6

For many problems in computer science, there is a formal, mathematical problem defition.
Something like: Given ..., the problem is to ...

How can the Object Detection problem (i.e. detecting objects on an image) be formally defined?

Given a set of pixels, the task is to decide

  1. which pixels belong to an object at all,
  2. which pixels belong to the same object.

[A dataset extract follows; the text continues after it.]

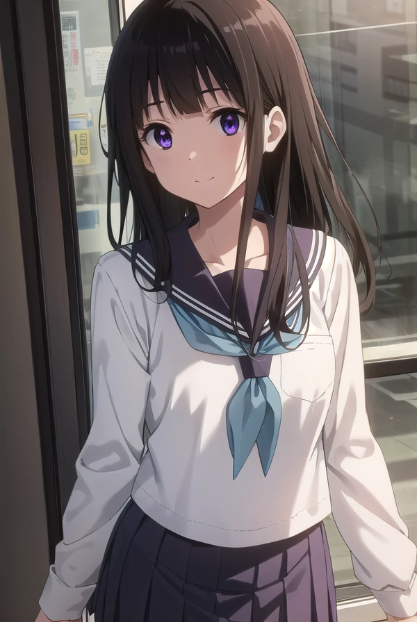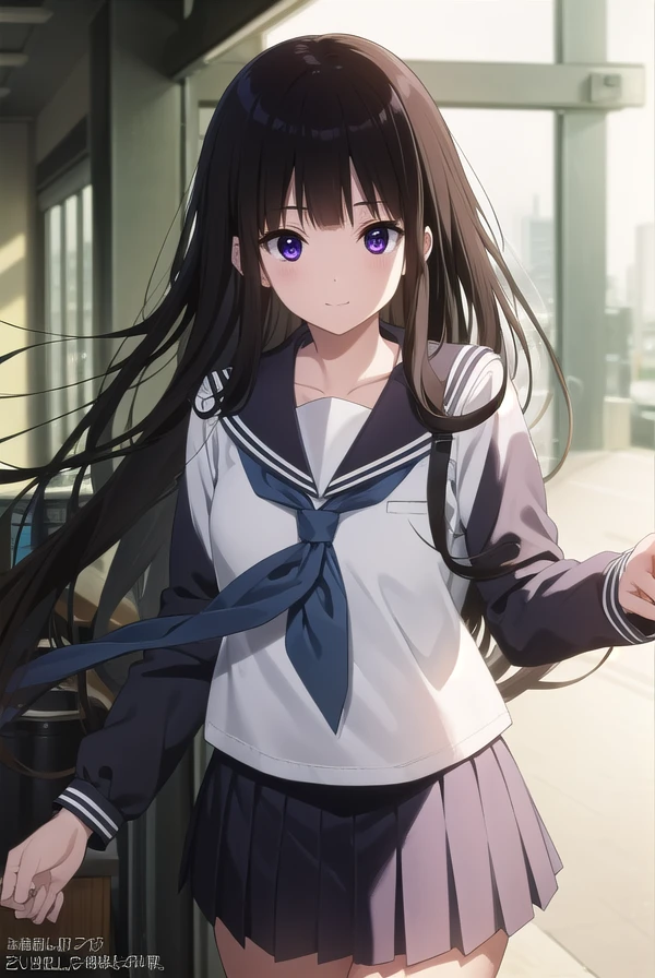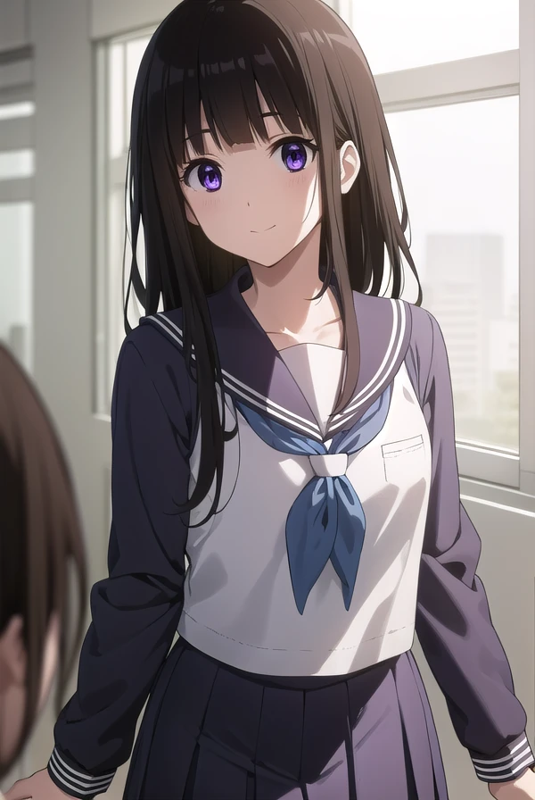 eru chitanda, long hair, black hair, bangs, blunt bangs, (purple eyes:1.1), sidelocks,
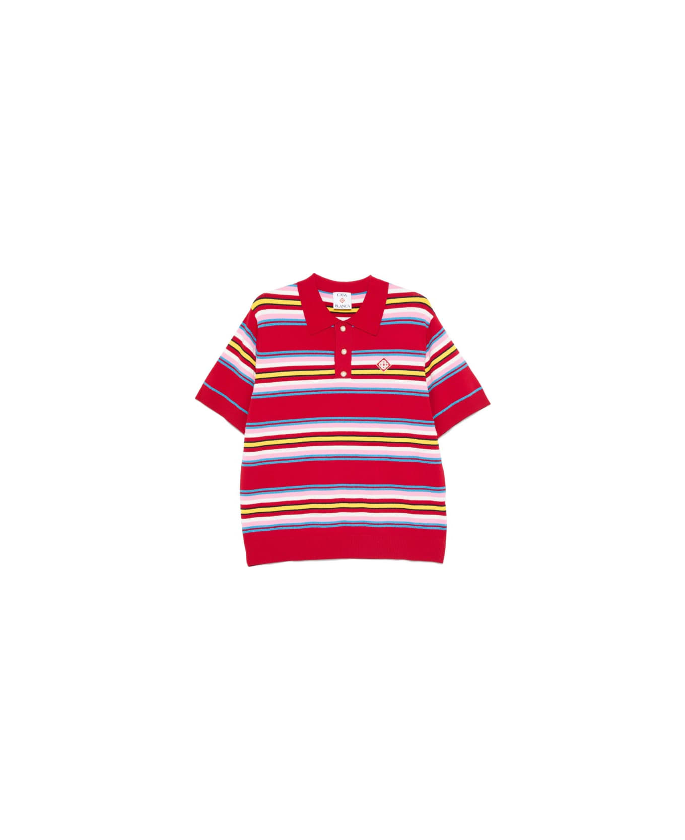- Red Casablanca viscose polo shirt for man - Contrasting color striped pattern - Collar - Short sleeves - Front buttons fastening Composition: 66% Viscose, 14% Polyester, 13% Cotton, 7% Polyamide

How can this be put into a formula?

JavAlex
  • 75
  • 5
  • 3
    For the first question, a typical way to formalize it might be defining a *characteristic function*: $$\chi_o (p) = \begin{cases} 1, & \text{if pixel $p$ belongs to object $o$,}\\ 0, & \text{else } \end{cases}$$ – JavAlex Sep 25 '20 at 15:25
  • That formulation would be ok for _image (or object) segmentation_ (where you need to classify individual pixels), but, in an _object detection_ problem (which is a different problem than image segmentation), you do **not** need to classify individual pixels. You only need to find if the image contains an object of class $c$, where is that object (i.e. locate it), and maybe draw a bounding box around it. Maybe you are interested in _image (or instance) segmentation_. If that's the case, please, edit your post to say that. – nbro Sep 29 '20 at 15:54
  • Thank you, @nbro. I am interested in *object detection*, not *image segmentation*. I just thought that using pixel-based information could be a workaround to find a formula for object detection. Actually, image segmentation could be the first step of the object detection task: 1. classify single pixels and assign probabilities to them of belonging to a specific object, 2. merge pixels to objects. – JavAlex Sep 30 '20 at 12:27
  • The problem with that approach is that you need labelling information for all pixels, which may be expensive to acquire. That's why pixel-level classification to perform object detection may be overkill, but, of course, it's possible. In fact, image/instance segmentation can be thought of as a form of object detection (but a fine-grained one, let's say). – nbro Sep 30 '20 at 12:30

1 Answers1

5

This is just an idea

Given a set of pixels, the task is to decide:

  1. Which pixel is the center of an object?
  2. What is the size of the bounding boxes with the center is the pixel in part 1?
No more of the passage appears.